● **Required action**: Take the entries below and print, exactly, the stretch from the line containing "Notebook A5 con" through the line containing "Über die App", both included.

Items from a dataset

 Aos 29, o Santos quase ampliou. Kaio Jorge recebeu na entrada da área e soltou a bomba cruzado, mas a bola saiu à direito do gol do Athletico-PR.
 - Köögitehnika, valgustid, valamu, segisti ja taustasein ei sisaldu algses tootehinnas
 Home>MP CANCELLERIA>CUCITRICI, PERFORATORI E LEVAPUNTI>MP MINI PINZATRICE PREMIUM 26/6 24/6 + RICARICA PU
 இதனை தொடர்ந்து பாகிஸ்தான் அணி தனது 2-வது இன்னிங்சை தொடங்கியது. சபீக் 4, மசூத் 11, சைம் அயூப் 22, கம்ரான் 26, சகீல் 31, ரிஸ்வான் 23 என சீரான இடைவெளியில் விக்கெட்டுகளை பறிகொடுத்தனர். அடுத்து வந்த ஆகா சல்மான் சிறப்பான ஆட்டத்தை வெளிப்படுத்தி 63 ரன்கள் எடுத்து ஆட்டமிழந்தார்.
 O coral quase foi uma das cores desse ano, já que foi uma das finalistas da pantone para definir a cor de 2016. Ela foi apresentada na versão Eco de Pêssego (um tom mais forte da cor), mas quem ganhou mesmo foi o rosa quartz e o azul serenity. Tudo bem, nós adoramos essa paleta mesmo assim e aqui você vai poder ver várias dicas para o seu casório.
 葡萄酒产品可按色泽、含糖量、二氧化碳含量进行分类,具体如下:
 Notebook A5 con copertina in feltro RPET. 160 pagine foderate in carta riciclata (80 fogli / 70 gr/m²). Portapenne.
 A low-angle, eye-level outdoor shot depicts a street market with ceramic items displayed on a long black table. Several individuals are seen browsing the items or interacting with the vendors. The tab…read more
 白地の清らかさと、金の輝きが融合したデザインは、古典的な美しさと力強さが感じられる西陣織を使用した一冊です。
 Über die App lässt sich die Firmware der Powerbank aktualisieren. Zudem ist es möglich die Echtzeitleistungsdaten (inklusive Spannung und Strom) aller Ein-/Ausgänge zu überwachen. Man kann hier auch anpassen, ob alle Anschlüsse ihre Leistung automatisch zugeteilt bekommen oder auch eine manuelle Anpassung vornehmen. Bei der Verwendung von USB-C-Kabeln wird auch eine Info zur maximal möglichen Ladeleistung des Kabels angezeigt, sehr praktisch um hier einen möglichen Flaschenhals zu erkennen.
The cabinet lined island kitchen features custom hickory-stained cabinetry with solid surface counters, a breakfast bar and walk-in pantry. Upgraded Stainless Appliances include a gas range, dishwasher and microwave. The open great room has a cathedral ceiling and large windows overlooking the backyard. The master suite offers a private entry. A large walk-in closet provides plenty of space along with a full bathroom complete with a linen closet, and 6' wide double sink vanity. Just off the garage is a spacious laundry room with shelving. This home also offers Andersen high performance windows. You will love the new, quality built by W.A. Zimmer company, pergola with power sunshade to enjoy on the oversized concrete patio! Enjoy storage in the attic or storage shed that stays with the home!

● **Reply to the exercise**:
 Notebook A5 con copertina in feltro RPET. 160 pagine foderate in carta riciclata (80 fogli / 70 gr/m²). Portapenne.
 A low-angle, eye-level outdoor shot depicts a street market with ceramic items displayed on a long black table. Several individuals are seen browsing the items or interacting with the vendors. The tab…read more
 白地の清らかさと、金の輝きが融合したデザインは、古典的な美しさと力強さが感じられる西陣織を使用した一冊です。
 Über die App lässt sich die Firmware der Powerbank aktualisieren. Zudem ist es möglich die Echtzeitleistungsdaten (inklusive Spannung und Strom) aller Ein-/Ausgänge zu überwachen. Man kann hier auch anpassen, ob alle Anschlüsse ihre Leistung automatisch zugeteilt bekommen oder auch eine manuelle Anpassung vornehmen. Bei der Verwendung von USB-C-Kabeln wird auch eine Info zur maximal möglichen Ladeleistung des Kabels angezeigt, sehr praktisch um hier einen möglichen Flaschenhals zu erkennen.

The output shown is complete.